Posted by: kathandroger | December 18, 2012


The last house has had it’s day. It was built in a hurry, with all bits and pieces readily at hand, and now the rats have eaten into it and the floor has collapsed, but at least the occupants are still dry and warm. Time for a new chicken house.

I’ve had a lovely few days in my workshop. The weather has been poor, but mild, and so no freezing hands to hamper my building skills. A bit of Bessie Smith, some Tchaikovsky, lots of Beethoven on the CD, and sheer uniterrupted bliss. Even Dennis came to watch, but was not too keen when I started welding the chassis.  I have kept chickens for very many years now, enough to know that all they need is something to eat and drink and somewhere to be warm and lay their eggs.

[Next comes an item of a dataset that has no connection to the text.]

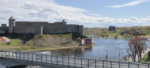 By chance, we arrived in Narva on Victory in Europe (VE) Day. The town of Narva is separated from Ivangorod in Russia by the river Narva. There are large forts on both sides. The bridge across the river is a border crossing, open only to pedestrians. On the Russian side of the river there was a large stage with music, speeches and giant screens showing war movies and parades; matched by a large banner of ‘Putler’, Putin with a Hitler moustache, on the Estonian side. Estonia does not celebrate the end of World War 2 as it was immediately followed by the Soviet occupation which only ended in 1991. We peacefully watched the celebrations across the river along with many local people.
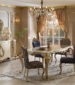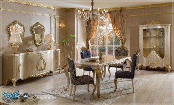 Desain meja makan klasik yang di beri sentuhahan warna finishing Champagne Kombinasi Gold Antique (Duco), menonjolkan kesan mewah dan eksklusif. Motif emas terlihat pada setiap ukiran khas mebel jepara menjadikan setiap seni ukir yang ada di meja ruang makan mewah ini terlihat sangat cantik, selain itu juga di tambahkan Busa Royal Foam (LJ26) Empuk & kenyal dengan di balut Kain Oscar Leather (Impor) menambah keistimewaan pada produk ini.

A bit like all females. Reading books about chicken houses makes it all sound too complicated. Laying boxes for instance are, in my opinion, a waste of time-again, perhaps due to their gender, a hen will change her mind and leave the most perfect box to lay in the house. As long as the eggs are easily reached there is no  problem. And whenever there are chickens there will be rats, so I try to make the houses movable to prevent the basement becoming a myriad of rat runs. That was another problem with the last house-the wheels fell off! Well after sawing, sanding, welding, biscuit jointing,IMG_2041 routing and some painting the house is finished. All done with waste bits from our building efforts and at total cost (for some long bolts) of a few euros. The roof hinges to reach the eggs and for cleaning, and there is one long perch, but again our chickens often seem to prefer to spend the night sitting on the ground. Incidentally cleaning is done about once a fortnight and takes about five minutes. The poules are fed on corn from a friendly local farmer, and the feeder is under cover one end of the house and the water is at the other end. All can be dragged about the orchardand even the wife can manage this one! We tend to give away most of our eggs, and they are hugely appreciated. I reckon that having to forage for the bulk of their food makes a huge difference, although the cussing when they have dug up the flower garden is a bit of a disadvantage. The “girls” are off on holiday soon whilst we go back to the UK, but they will be rehoused on our return.